=== Aim of the exercise ===
The required output is the exact text of the lines from the line containing "This knife features" through the final line below, inclusive, without pictures.

=== Exercise materials ===
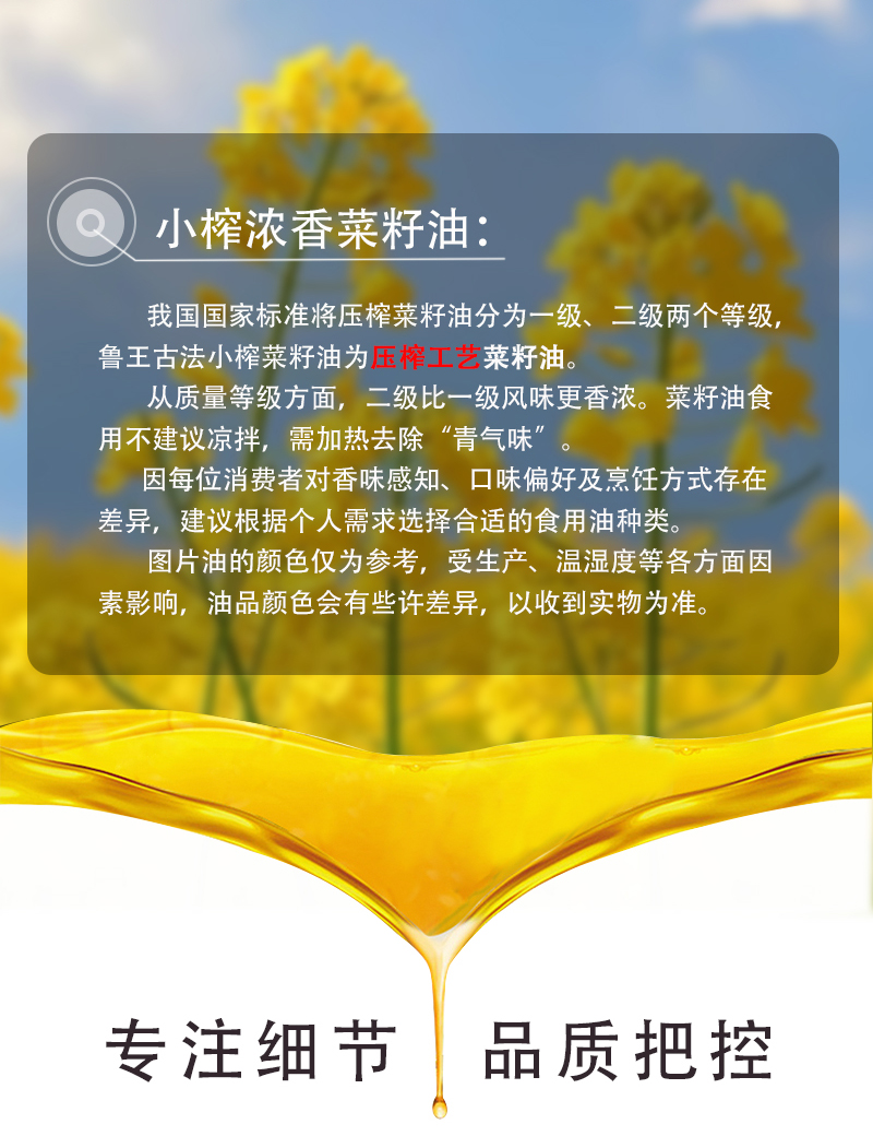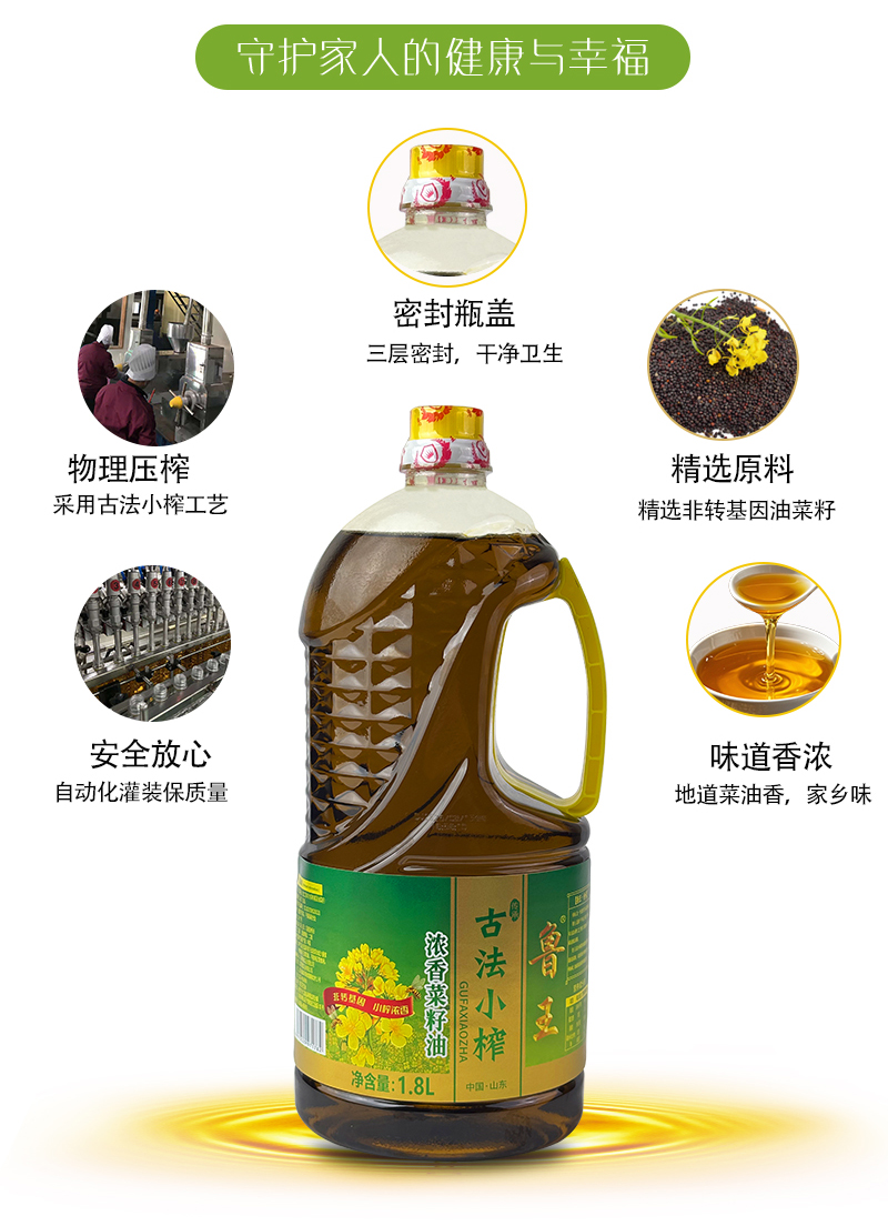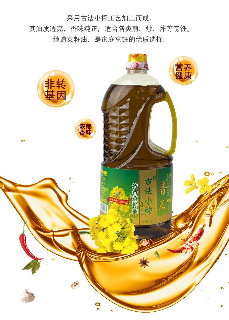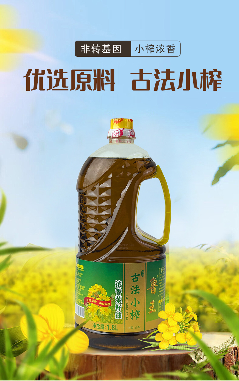 鲁王 古法小榨浓香菜籽油 油香四溢 1.8L 棕色(单位:桶)
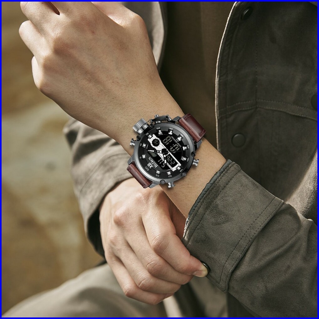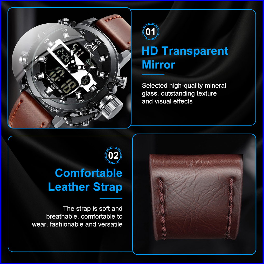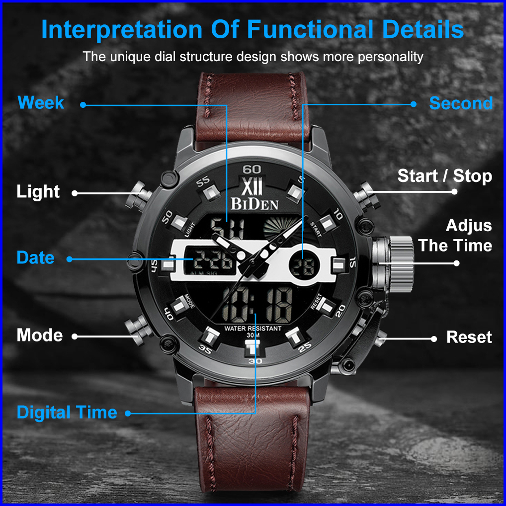 Biden Jam Tangan Pria Olahraga Militer Analog Digital Tali Tali Kulit Anti Air Kuarsa Jam Tangan Cowok Original
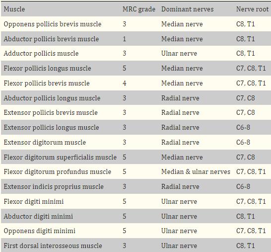 表1、右手手指肌肉力量、支配神经和神经根水平的结果
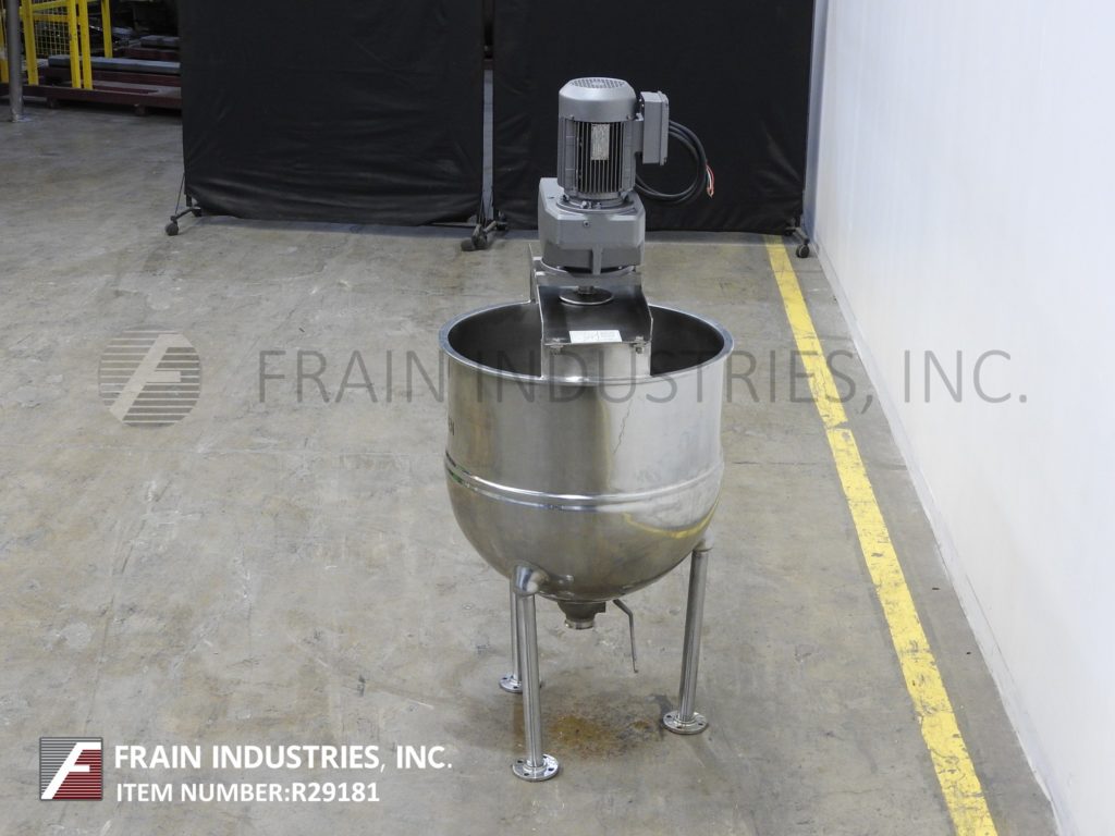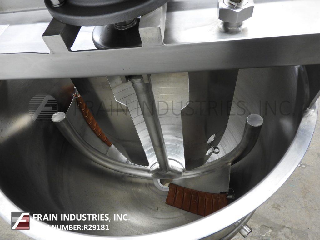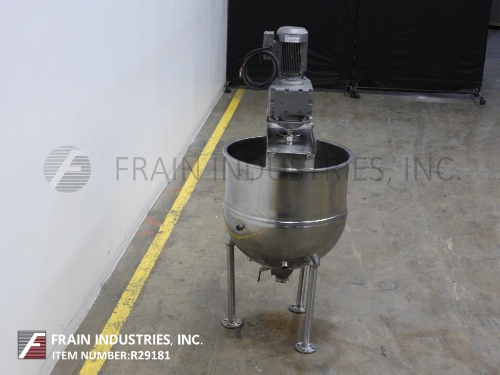 返回所有设备呻吟,60加仑,304不锈钢夹套水壶。船舶尺寸:30“直径x 27”,深度为14英寸的直墙。配备桥接式刮膜,由单个3 HP驱动器,(2)固定挡板和3½“OD / 3”ID Tri-Clamp风格放电球阀和13“地间隙。安装在(3)管状腿部框架上。
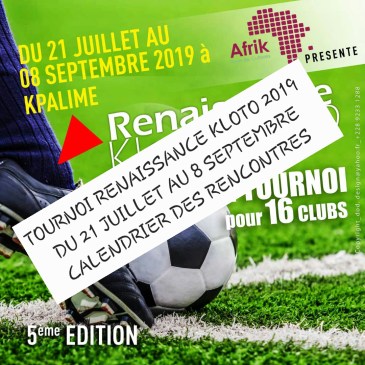 Le grand Kloto vit depuis le 21 Juillet au rythme des matches du tournoi Renaissance Kloto 5è édition (RK 2019). Après la première et deuxième journée disputées le 21 et le 28 Juillet passés, l’heure est à la remise à jour du calendrier. Ainsi ce Mercredi 31 Juillet les dernières formations qui n’ont pas encore … Lire la suite TOURNOI RK 2019: LA COMPÉTITION SE POURSUIT DEMAIN
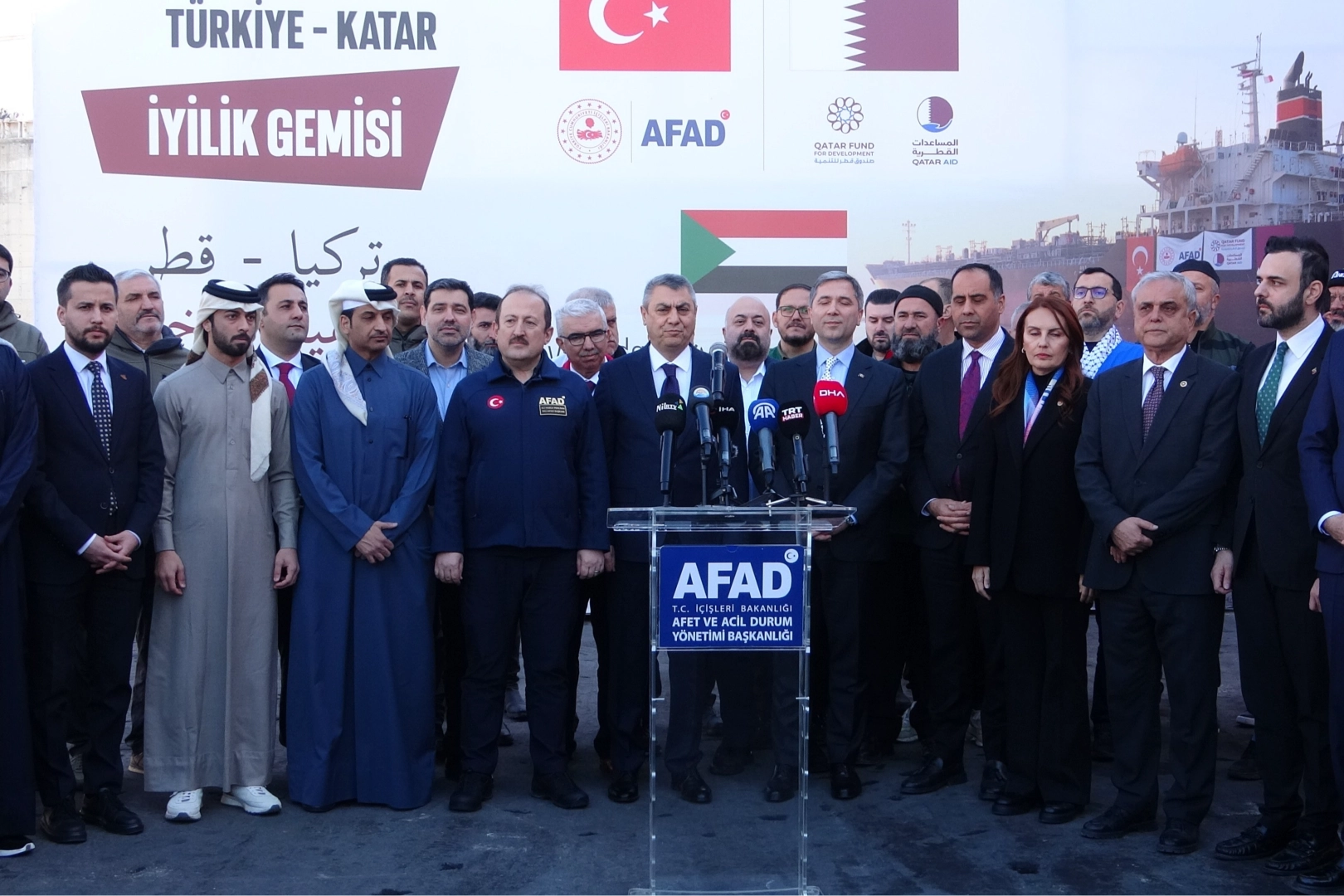 Türkiye Cumhuriyeti ile Katar Devleti iş birliğinde, AFAD Başkanlığı koordinasyonunda; Mersin Valiliğinin destekleri, Katar Kalkınma Fonu’nun katkıları ve 23 sivil toplum kuruluşunun iş birliğiyle hazırlanan yaklaşık 2 bin 600 ton insani yardım malzemesi, Mersin Uluslararası Limanı’ndan dost ve kardeş ülke Sudan’a uğurlandı.
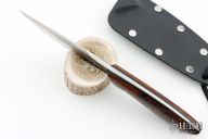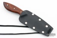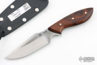 This knife features a San Mai blade with a full tapered tang construction. .127" Blade Stock. 1.098" Blade Depth. The handle has wood scales over black liners. Includes a kydex sheath with a neck lanyard. Excellent Condition.
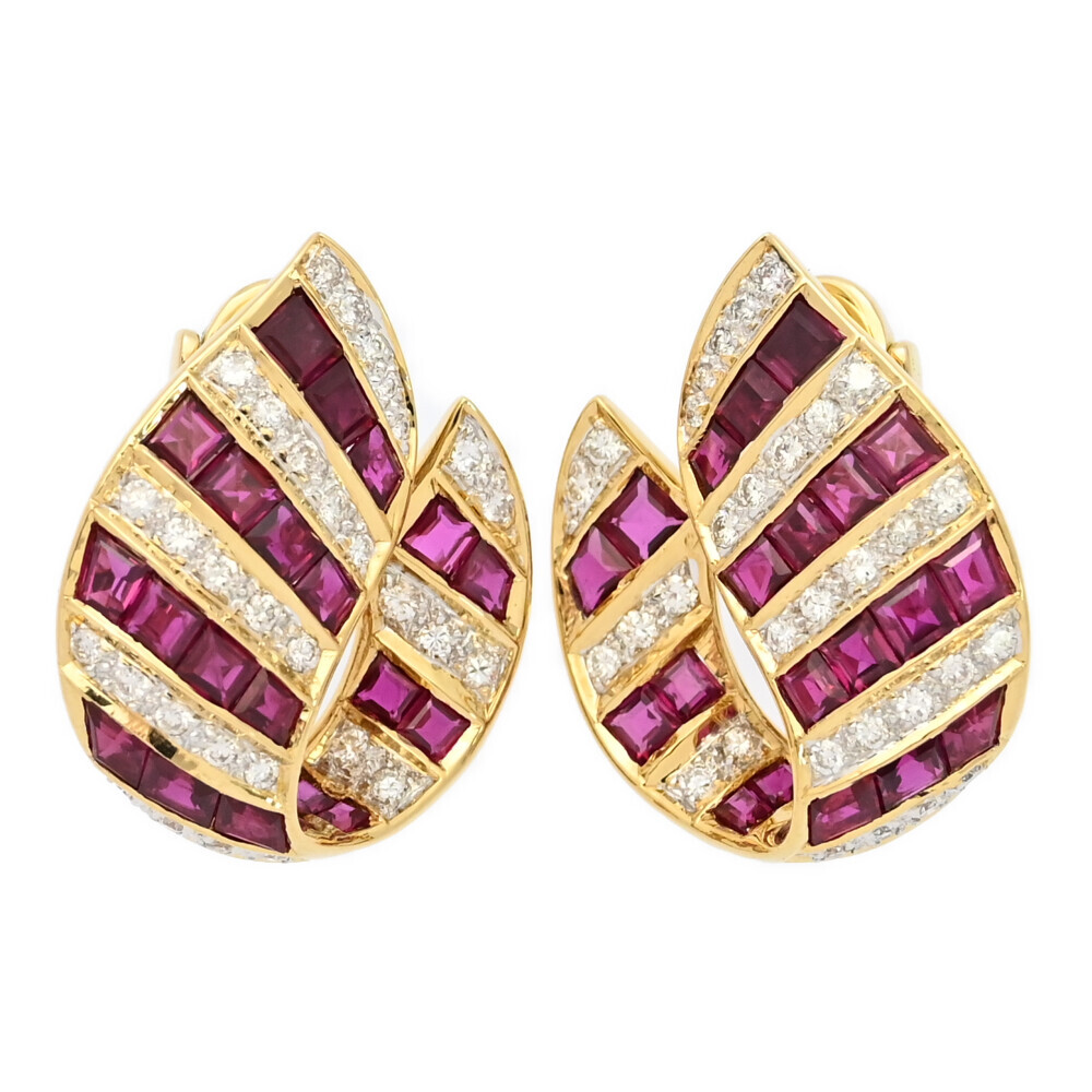 > RU1.27ct/FD:0.6ct/2way 7月誕生石・ルビー・ダイヤモンド ピアス・イヤリング/K18Y+W/750 2カラー-13.9g/プレゼント/記念日■587769

=== Task response ===
 This knife features a San Mai blade with a full tapered tang construction. .127" Blade Stock. 1.098" Blade Depth. The handle has wood scales over black liners. Includes a kydex sheath with a neck lanyard. Excellent Condition.
 > RU1.27ct/FD:0.6ct/2way 7月誕生石・ルビー・ダイヤモンド ピアス・イヤリング/K18Y+W/750 2カラー-13.9g/プレゼント/記念日■587769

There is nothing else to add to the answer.